By most accounts, Roku's (ROKU -10.29%) fourth-quarter earnings report was a pleasant surprise. Admittedly, the top line only improved by a fraction of a percent, and the company suffered an operating loss. But the loss was smaller than anticipated and revenue guidance for the current quarter was better than expected. Shares surged following Wednesday's post-close release of the quarterly figures.

To get at the real news in the report though, investors should look past the revenue numbers. They should instead focus on how much spending the company did last quarter to produce what was paltry sales growth and on what will likely be a sales decline for the current quarter.

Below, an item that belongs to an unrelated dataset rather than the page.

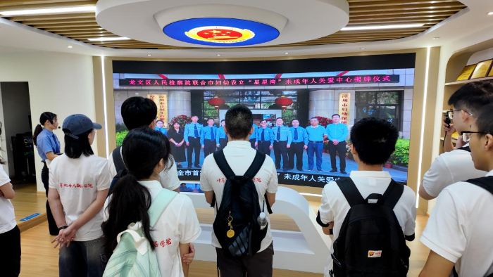 實(shí)踐隊(duì)員們走進(jìn)漳州市龍文區(qū)人民檢察院,開展了一場以“婦女兒童權(quán)益保護(hù)”為主題的深度研學(xué)活動。在檢察官的帶領(lǐng)下,隊(duì)員們參觀了未成年人檢察工作區(qū)、家事調(diào)解室等特色功能區(qū)。“不是每一個(gè)孩子都能擁有幸福的夢想,和其他孩子一樣,受傷后對未來充滿希望。”檢察官動情的話語讓隊(duì)員們深刻感受到未成年人保護(hù)工作的重要性。
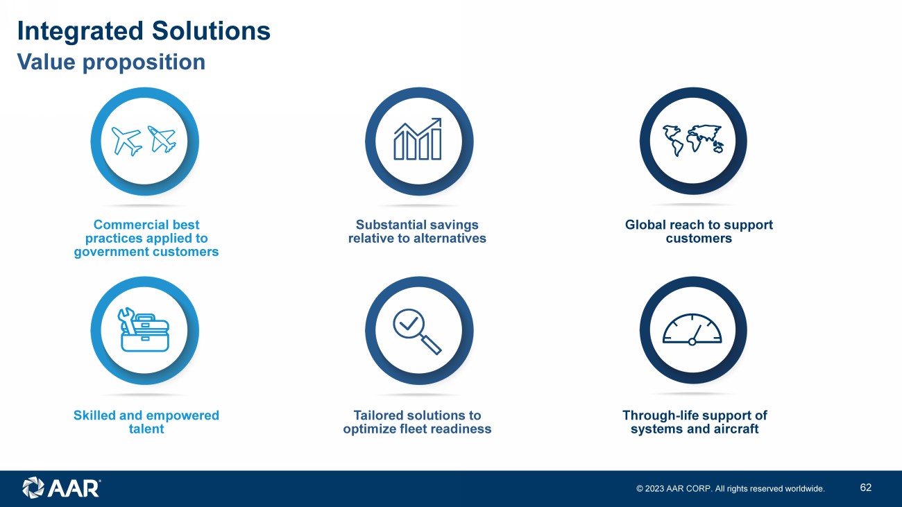 © 2023 AAR CORP. All rights reserved worldwide. 17 Value proposition Integrated Solutions Commercial best practices applied to government customers Substantial savings relative to alternatives Global reach to support customers Skilled and empowered talent Tailored solutions to optimize fleet readiness Through - life support of systems and aircraft

Management is still optimistic about the long-term profitability of the business. But winning new customers only becomes more difficult and more expensive as a market becomes more saturated. Shareholders have every reason to start asking tougher questions here.

Growth is getting more expensive for Roku

Lots of young growth companies slip back into the red when economic headwinds begin blowing. Roku can be given a bit of a pass this time around for doing so, particularly considering that many advertisers are now trimming spending. The issue instead is the amount of spending growth and the fact that it didn't produce nearly enough revenue.

During the three-month stretch in question, revenue improved a mere 0.2% year over year, while spending on sales and marketing swelled 82%. Research and development expenses jumped more than 74% year over year. General and administrative costs grew 40% year over year. These rising costs once again pushed the company deeper into the red.

Roku's spending is surging, pushing the company to operating losses.

Data sources: Thomson Reuters, Roku. Revenue, expenses, and EBITDA figures are in millions.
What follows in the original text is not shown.